#### What the task asks:
Everything in the data must be repeated exactly, apart from the pictures, which are left out.

#### Information provided:
───
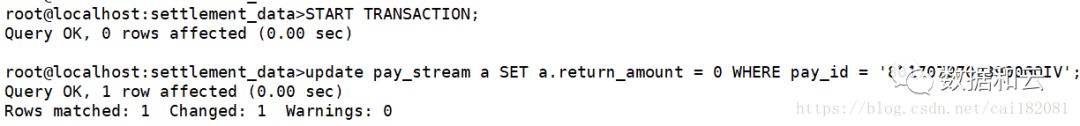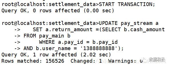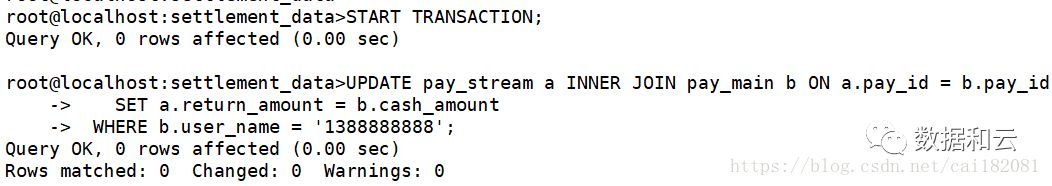 UPDATE pay_stream a INNER JOIN pay_main b ON a.pay_id = b.pay_id SET a.return_amount = 0 WHERE b.user_name = '1388888888'; id select_type table partitions type possible_keys key key_len ref rows filtered Extra ------ ----------- ------ ---------- ------ --------------------- ------------- ------- ------------------------ ------ -------- ------------- 1 SIMPLE b (NULL) ref PRIMARY,idx_user_name idx_user_name 387 const 1 100.00 Using index 1 UPDATE a (NULL) eq_ref PRIMARY PRIMARY 98 settlement_data.b.pay_id 1 100.00 (NULL) DELETE a FROM pay_stream a INNER JOIN pay_main b ON a.pay_id = b.pay_id WHERE b.user_name = '1388888888'; id select_type table partitions type possible_keys key key_len ref rows filtered Extra ------ ----------- ------ ---------- ------ --------------------- ------------- ------- ------------------------ ------ -------- ------------- 1 SIMPLE b (NULL) ref PRIMARY,idx_user_name idx_user_name 387 const 1 100.00 Using index 1 DELETE a (NULL) eq_ref PRIMARY PRIMARY 98 settlement_data.b.pay_id 1 100.00 (NULL)
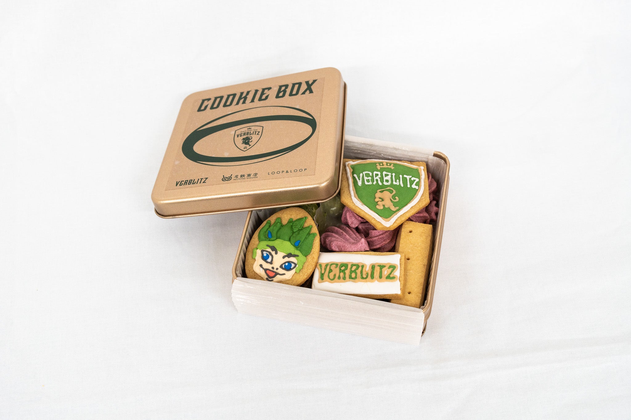 トヨタヴェルブリッツのロゴやマスコットキャラクター「ライガーくん」のアイシングクッキーが入ったCOOKIE BOX。ファン感謝デーで先行販売した際は即完売!「ライガーくん」のアイシングクッキーが可愛すぎて食べられないと、ファンからも大好評!
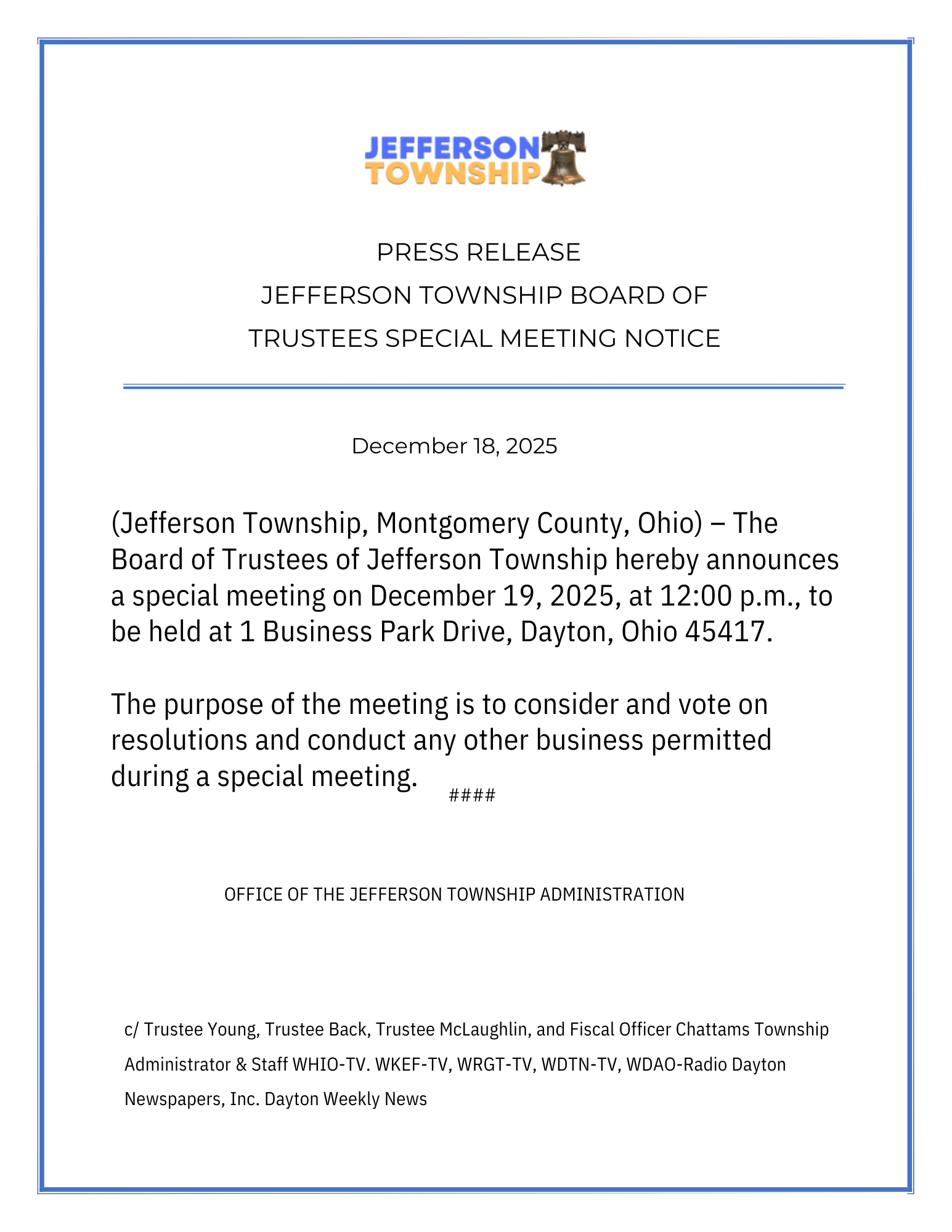 PRESS RELEASE JEFFERSON TOWNSHIP BOARD OF TRUSTEES SPECIAL MEETING NOTICE
───
#### Solved exercise:
 UPDATE pay_stream a INNER JOIN pay_main b ON a.pay_id = b.pay_id SET a.return_amount = 0 WHERE b.user_name = '1388888888'; id select_type table partitions type possible_keys key key_len ref rows filtered Extra ------ ----------- ------ ---------- ------ --------------------- ------------- ------- ------------------------ ------ -------- ------------- 1 SIMPLE b (NULL) ref PRIMARY,idx_user_name idx_user_name 387 const 1 100.00 Using index 1 UPDATE a (NULL) eq_ref PRIMARY PRIMARY 98 settlement_data.b.pay_id 1 100.00 (NULL) DELETE a FROM pay_stream a INNER JOIN pay_main b ON a.pay_id = b.pay_id WHERE b.user_name = '1388888888'; id select_type table partitions type possible_keys key key_len ref rows filtered Extra ------ ----------- ------ ---------- ------ --------------------- ------------- ------- ------------------------ ------ -------- ------------- 1 SIMPLE b (NULL) ref PRIMARY,idx_user_name idx_user_name 387 const 1 100.00 Using index 1 DELETE a (NULL) eq_ref PRIMARY PRIMARY 98 settlement_data.b.pay_id 1 100.00 (NULL)
 トヨタヴェルブリッツのロゴやマスコットキャラクター「ライガーくん」のアイシングクッキーが入ったCOOKIE BOX。ファン感謝デーで先行販売した際は即完売!「ライガーくん」のアイシングクッキーが可愛すぎて食べられないと、ファンからも大好評!
 PRESS RELEASE JEFFERSON TOWNSHIP BOARD OF TRUSTEES SPECIAL MEETING NOTICE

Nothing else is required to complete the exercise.